Discussion in 'Buoyancy Compensators (BC's) and Weight Systems' started by Crackerbacks, Jan 29, 2020.

  1. Crackerbacks

    Crackerbacks Angel Fish

    I have been diving the same zeagle for almost 20 years and it’s pretty much falling apart. I want to want another zeagle but I really like the looks of the black ice. I’m a big guy and I dive a little bit of everything, dry suit, 7mm wetsuit and some tropical diving. I don’t want to purchase multiple BC’s and I don’t mind weight when traveling.

  2. formernuke

    formernuke Regular of the Pub

    # of Dives: I just don't log dives
    Location: New England
    Get a bpw instead meets all your criteria.
    Zef likes this.
  3. ajtoady

    ajtoady ScubaBoard Supporter ScubaBoard Supporter

    # of Dives: 200 - 499
    Location: Hammond, NY
    Buy what suits you! If you want a jacket type,,guess what,, buy a jacket type. If you wish to try a BPW, get one of those. I have both types and dive both. Each has it's own benefit or use spectrum.
    rhwestfall likes this.
  4. UFOrb

    UFOrb Manta Ray

    # of Dives: 50 - 99
    Location: Brighton, UK
    Why do you wish to be talked out of buying one?
    They do indeed look like a nice bit of kit, and would suit your purposes. I was tempted to get one myself when a saw a good deal last year (possibly a fair bit cheaper here than the US). I was put off by its weight for travel and it has much more lift than I require for the type of diving I do.
    I opted for a BPW (XDeep Ghost) in the end (also on a very good deal), which I'm happy with.
  5. lexvil

    lexvil Loggerhead Turtle

    # of Dives: 1,000 - 2,499
    Location: jamestown, ca.
    The black ice looks like a nice enough b/c but a back plate is more modular, easier to maintain in that any part you want to or need to replace can be sourced from multiple places and suppliers.
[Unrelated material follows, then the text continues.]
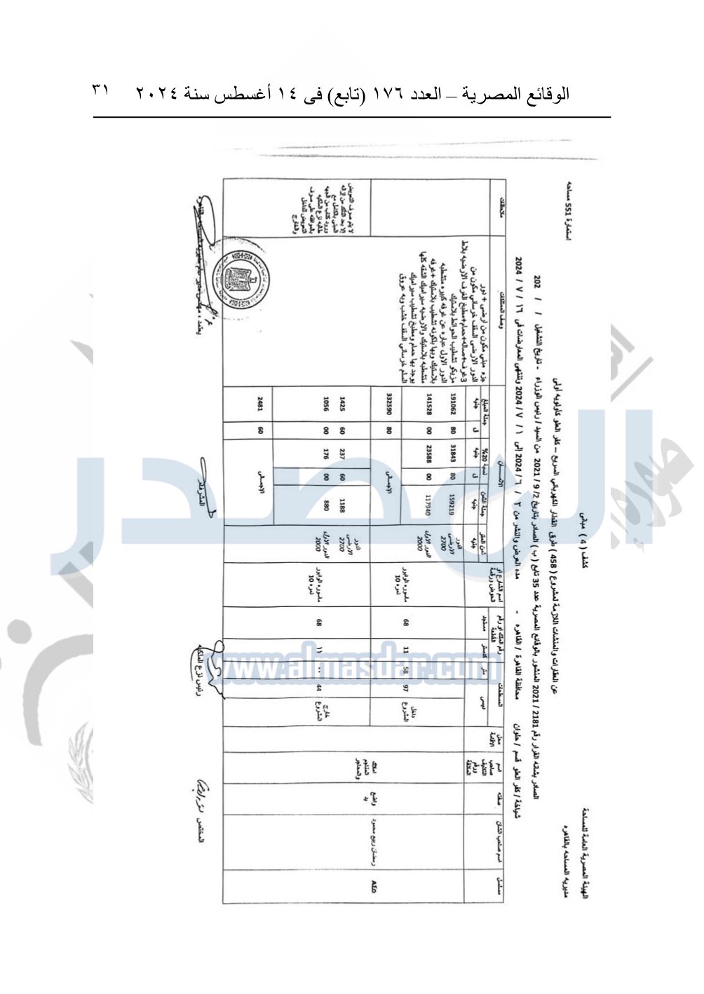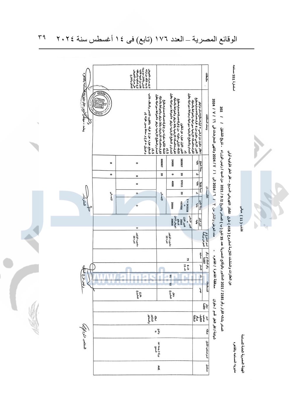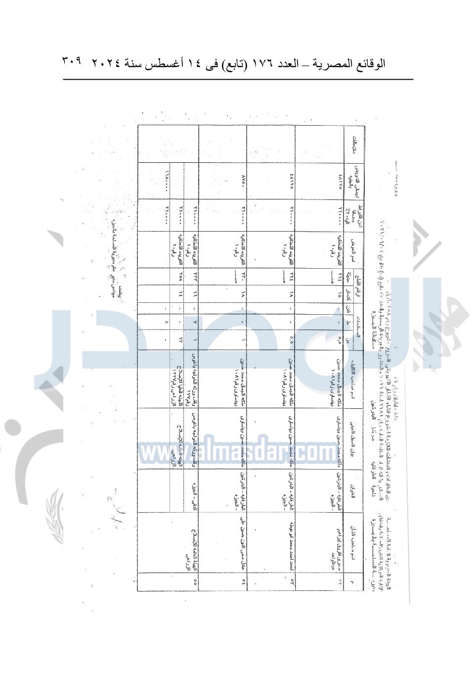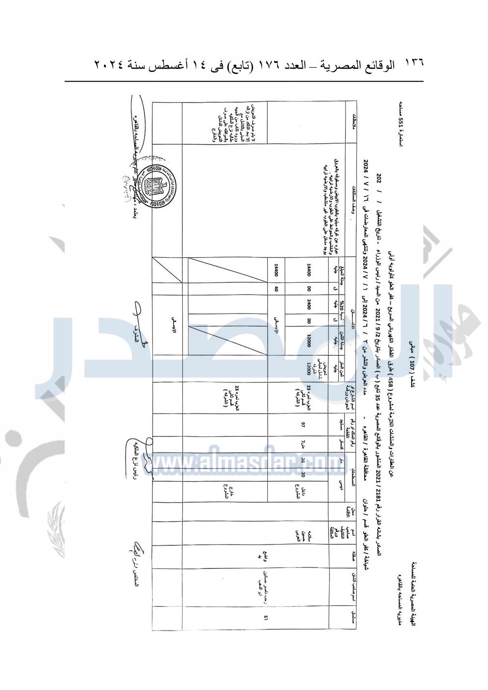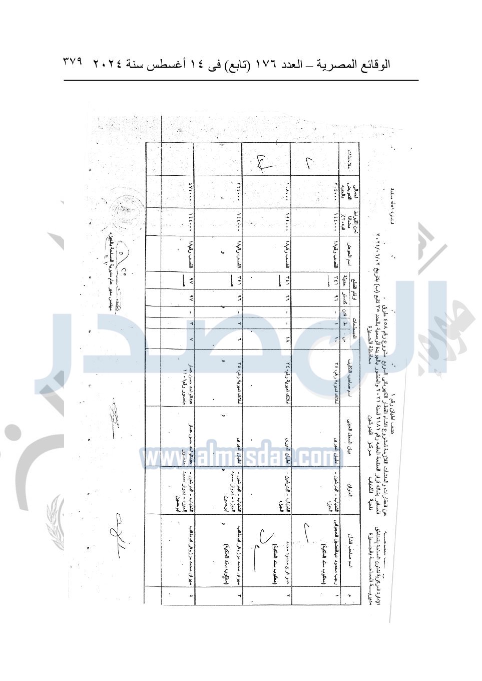 نشرت الوقائع المصرية في العدد 176 "تابع"، في 14 أغسطس 2024، قرار وزارة النقل رقم 456 لسنة 2024، صادر في 17-7-2024، بشأن نزع ملكية بعض الأراضي والعقارات لتنفيذ مشروع القطار الكهربائي السريع.

Less bulk and can be disassembled for travel, for the ultimate back plate get on the freedom plate list, when it arrives (whenever that will be) everything from the first plate can be used on the FP.
  6. BoundForElsewhere

    BoundForElsewhere Waiting for the zombies ScubaBoard Supporter

    # of Dives: 50 - 99
    Location: NYC
    Have you thought about the ScubaPro Hydros Pro? Very similar, modular, and rugged as all get-out. I absolutely love mine and it travels better than a small child (size wise, that is. but I always drugged my kids before long flights so the same applies).
  7. SleepySlipper

    SleepySlipper Divemaster

    # of Dives: 500 - 999
    Location: MN
    My first bc was an Apex black ice, I put in around 150 dives before moving on. I enjoyed a majority of my dives. The reason I got away from it were the left hand side cumberbund pocket was poorly designed, velcro on the entire bc eventually started to wear out, clip-in ditchable weight pockets started to wear out, lots of excess material which made the rig very heavy when wet. It was fun while it lasted.
  8. Crackerbacks

    Crackerbacks Angel Fish

    So big thing with a BPW set up... do I have to wear a weight belt or is there someway it integrate weights? I absolutely hate a separate weight belt.
  9. SleepySlipper

    SleepySlipper Divemaster

    # of Dives: 500 - 999
    Location: MN
    All depends on your body composition, exposure protection, and diving environment. For instance, I’m 150lbs diving a drysuit in frigid water most often. With two steel tanks connected to a stainless steel backplate/wing, I don’t need any additional weight. When I dive on the Hawaiian islands, I will rent aluminum 80 tank and throw on a stainless backplate/wing combined with a 3mm wetsuit, I still don’t need any additional weight.
  10. Kamaros

    Kamaros DIR Practitioner

    # of Dives: 100 - 199
    Location: Mountain View, California
    You have a couple of options for ditchable weights. You can add weight pockets that just thread onto the webbing (eg. Dive Rite Quick Buckle Weight System, {16 lb | 7.3 kg} | Dive Gear Express®). You could also go with the DIR route which just threads hard weights directly onto the right-side waist webbing, held in place by a buckle. For non-ditchable weights, you can use trim pockets (that also thread onto webbing or tank straps), weighted single tank adapters, or v-weights if you're diving doubles.